▶ [WORK TO COMPLETE] With pictures left out, retype the lines from the start of the records through the one that contains "李健主任表示终于在盼望中迎接".

Records from a collection
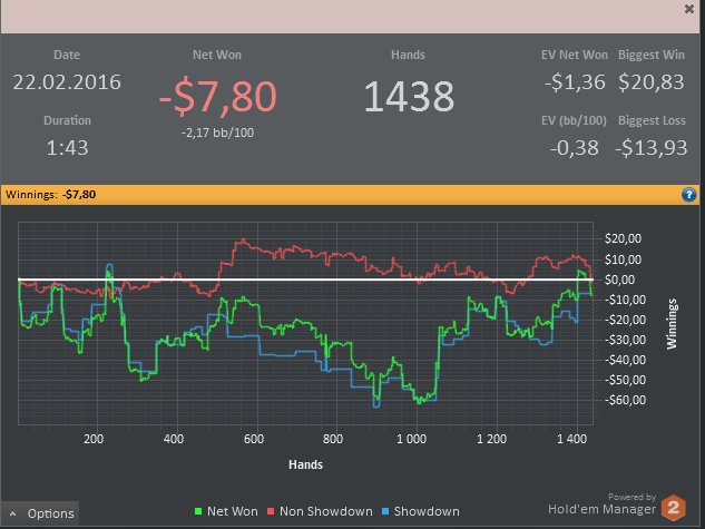 ещё она сессия не о чём , опять меня имел рег , который играет очень агрессивно против меня , на вскрытии у него всегда есть рука , а против моих блефов почти всегда получаю пуш , и это меня просто бесит , намного дешевле мне с ним вообще не играть , хотя ему может просто эту неделю против меня заходит
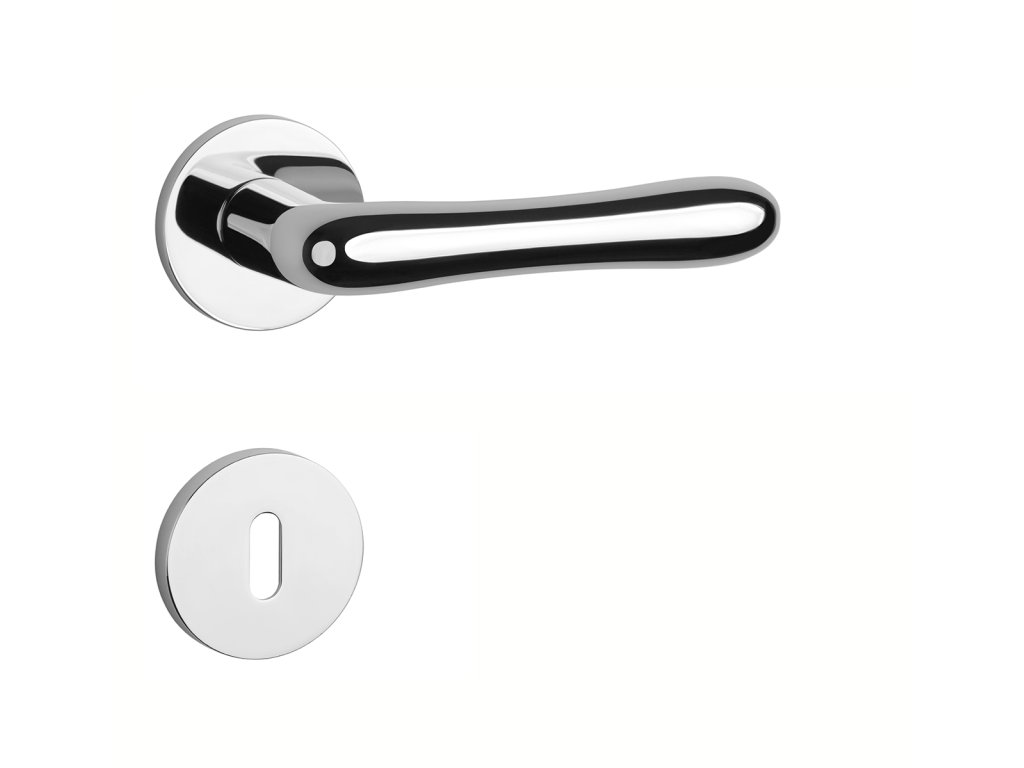 Rozetová klika CYNIA na interiérové dveře s kulatou rozetou je vyrobená z materiálů vysoké kvality - zamak je povrchově upravená. Rozeta má průměr 52 mm a tloušťku jen 7 mm. Minimalistický design rozety s vysokou stabilitou kliky na dveřích působí jemně, a tím ponechává prostor pro vyniknutí designu samotné kliky.
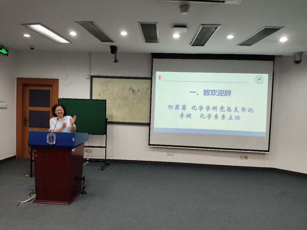 李健主任表示终于在盼望中迎接了各位同学的到来,未来三年时光将与同学们教学相伴,化学系从人才培养队伍、学科平台实力、分流奖学金、优秀校友资源等方面都给同学们提供大力支持保障,化学系从领导班子、导师团队到行政教辅、朋辈力量都是具有强大凝聚力的队伍,希望大家能够在化学系度过愉快的三年时光。
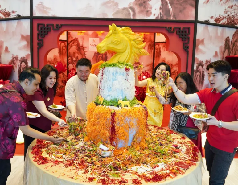 The celebration officially begins with an intimate Lunar gathering held at the lobby of Vasa Hotel Surabaya on Friday, 9 January 2026, from 14.00 to 17.00 WIB. This opening moment brings together key opinion leaders and media partners, marking the start of the Year of the Fire Horse festivities. The afternoon opens with a traditional Yee Sang ceremony led by Chef Lim Kim Loong, symbolising prosperity, unity, and good wishes for the year ahead. Guests are then invited to write their personal hopes and place them on the Wishes Tree, creating a thoughtful installation filled with reflection and intention. The experience continues at Xiang Fu Hai Chinese Restaurant, where guests enjoy a curated luncheon featuring dim sum, ginseng soup, and giant prawn, offering a graceful introduction to the main Lunar New Year celebration.
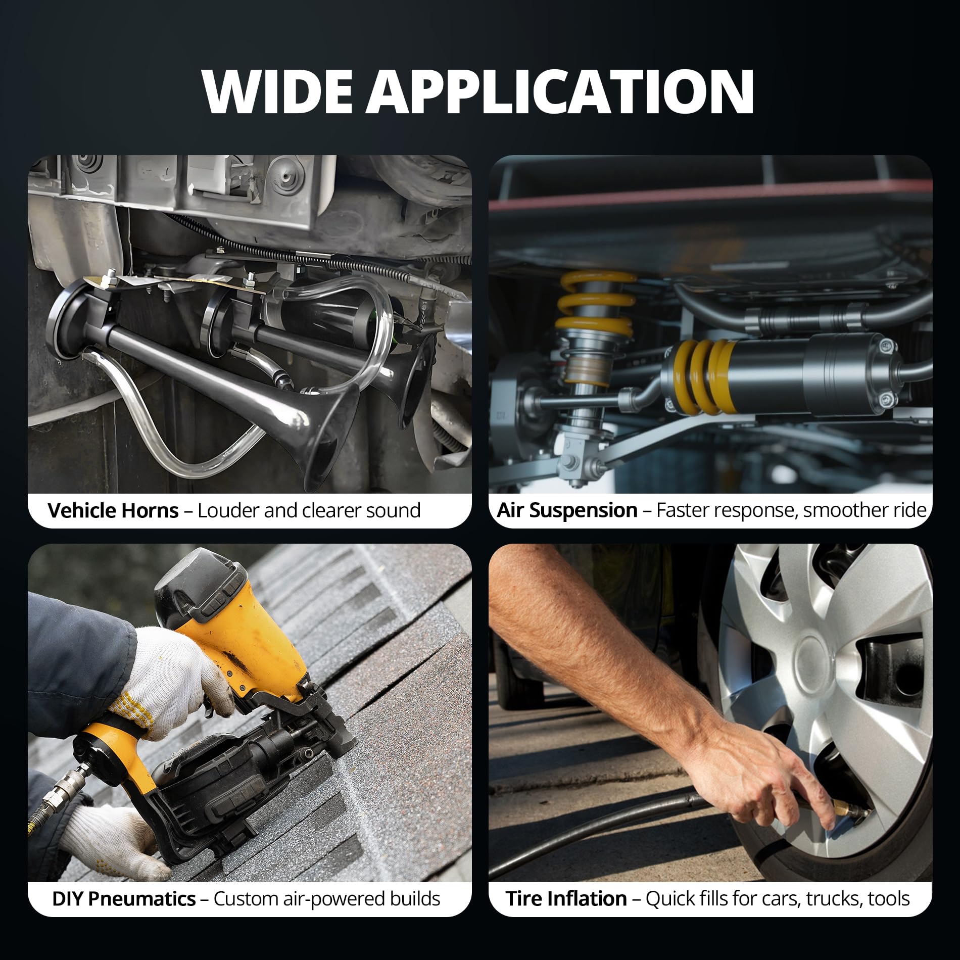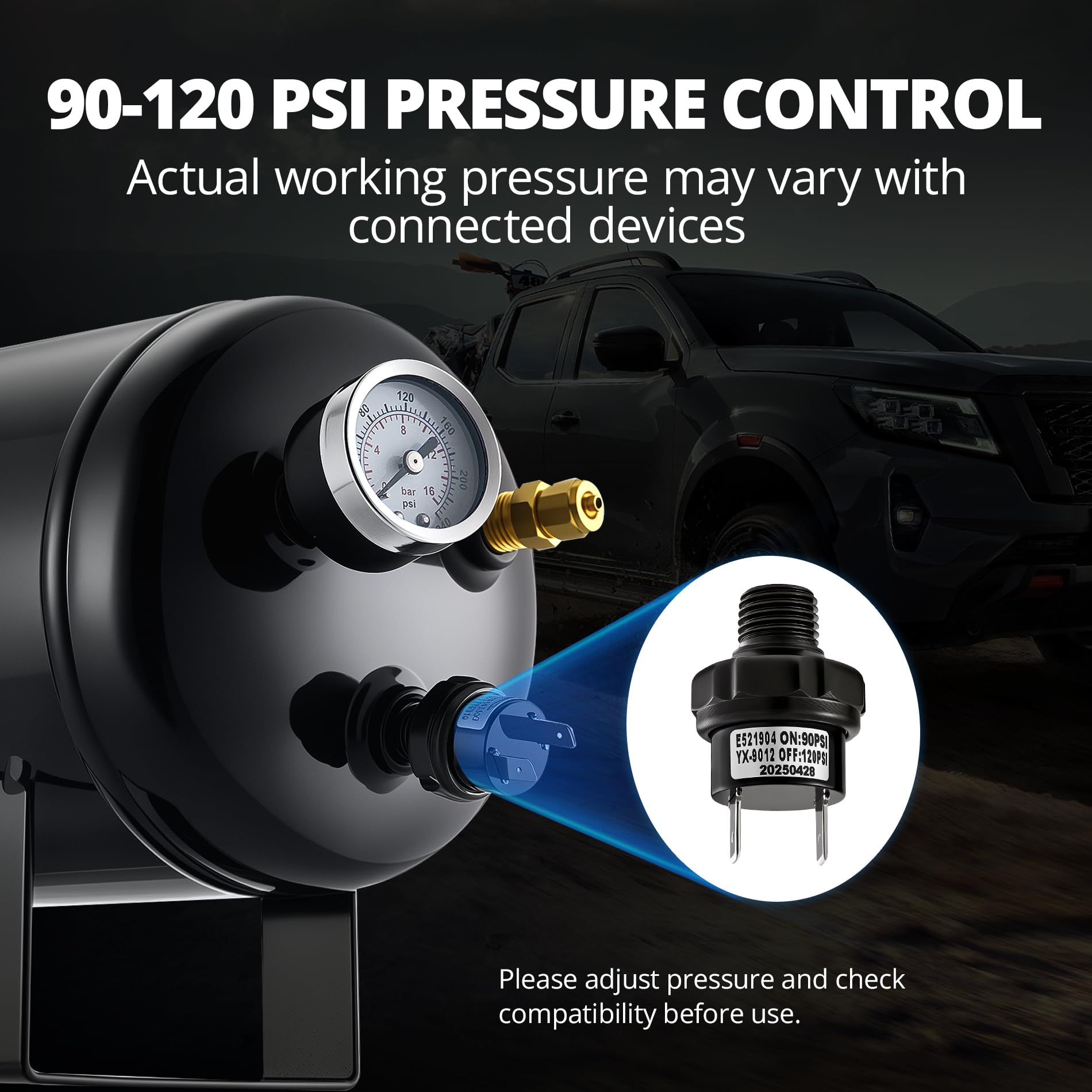 - BUILT FOR LONGEVITY & SAFETY: Designed for lasting performance , this 12V air compressor with tank is crafted from military-grade steel for excellent strength and sealing performance. It ensures safe air storage even under high pressure, effectively preventing cracks, leaks, or structural failures over years of reliable use.
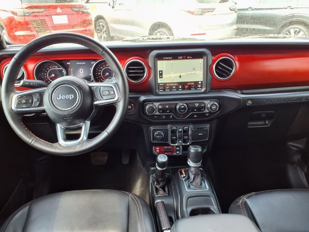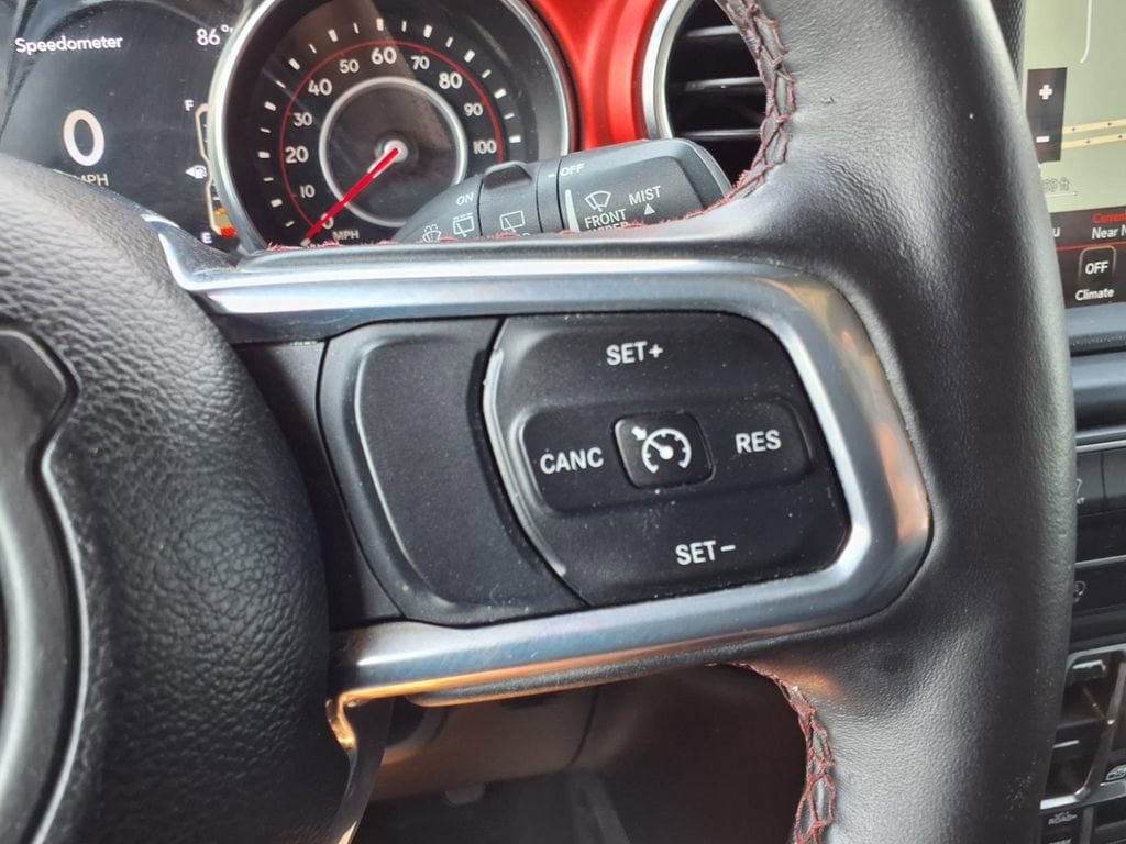 Cold Weather Group: Remote Start System; Heated Front Seats; Heated Steering Wheel. Quick Order Package 22R. 8.4" Radio and Premium Audio Group: Off-Road Info Pages; SiriusXM Traffic Plus; Alpine Premium Audio System; HD Radio; Uconnect 4C Navigation Radio with 8.4" Display; For Details. Visit DriveUconnect.com; Rear View Auto Dim Mirror; 1-Year SiriusXM Guardian Trial; 5-Year SiriusXM Travel Link Service; GPS Navigation; 5-Year SiriusXM Traffic Service; SiriusXM Travel Link; 4G LTE Wi-Fi Hot Spot; Emergency/assistance Call; 8.4" Touchscreen Display. Leather Trimmed Bucket Seats. Black 3-Piece Hard Top. Alpine Premium Audio System. 17" X 7.5" Black with Machined Lip. Remote Proximity Keyless Entry. MOPAR Hardtop Headliner. Remote Start System. Granite Crystal Met CC. Granite Crystal Met CC. MOPAR All-Weather Floor Mats. **Equipment listed is based on original vehicle build and subject to change. Please confirm the accuracy of the included equipment by calling the dealer prior to purchase.**
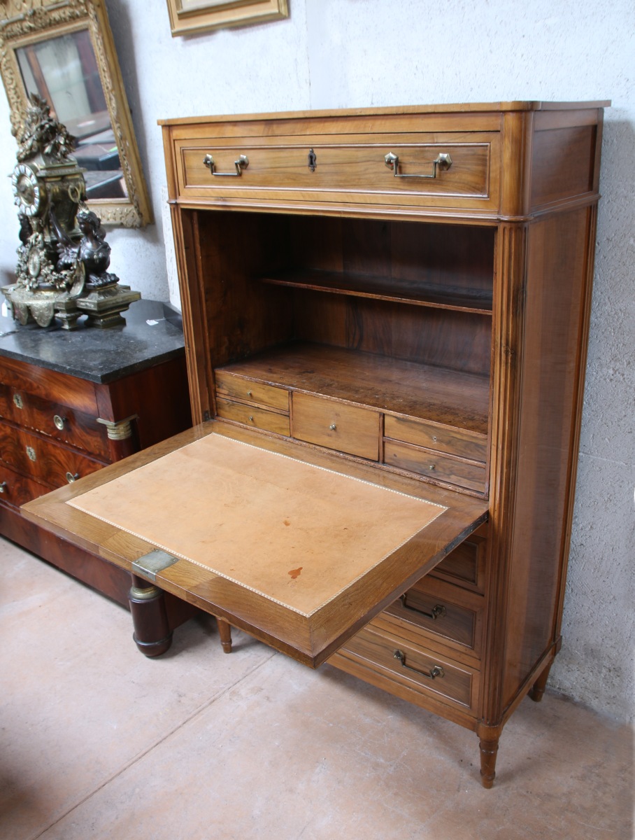 SECRÉTAIRE DROIT en noyer et placage de noyer. Il ouvre par un tiroir et un abattant en partie supérieure et trois tiroirs en partie inférieure. L'abattant foncé de cuir découvre un compartiment et cinq tiroirs sur deux rangs. Montants cannelés. Piètement quadripode. Garniture de bronzes tels qu'entrées de serrures et poignées mobiles.

▶ [YOUR SOLUTION]
 ещё она сессия не о чём , опять меня имел рег , который играет очень агрессивно против меня , на вскрытии у него всегда есть рука , а против моих блефов почти всегда получаю пуш , и это меня просто бесит , намного дешевле мне с ним вообще не играть , хотя ему может просто эту неделю против меня заходит
 Rozetová klika CYNIA na interiérové dveře s kulatou rozetou je vyrobená z materiálů vysoké kvality - zamak je povrchově upravená. Rozeta má průměr 52 mm a tloušťku jen 7 mm. Minimalistický design rozety s vysokou stabilitou kliky na dveřích působí jemně, a tím ponechává prostor pro vyniknutí designu samotné kliky.
 李健主任表示终于在盼望中迎接了各位同学的到来,未来三年时光将与同学们教学相伴,化学系从人才培养队伍、学科平台实力、分流奖学金、优秀校友资源等方面都给同学们提供大力支持保障,化学系从领导班子、导师团队到行政教辅、朋辈力量都是具有强大凝聚力的队伍,希望大家能够在化学系度过愉快的三年时光。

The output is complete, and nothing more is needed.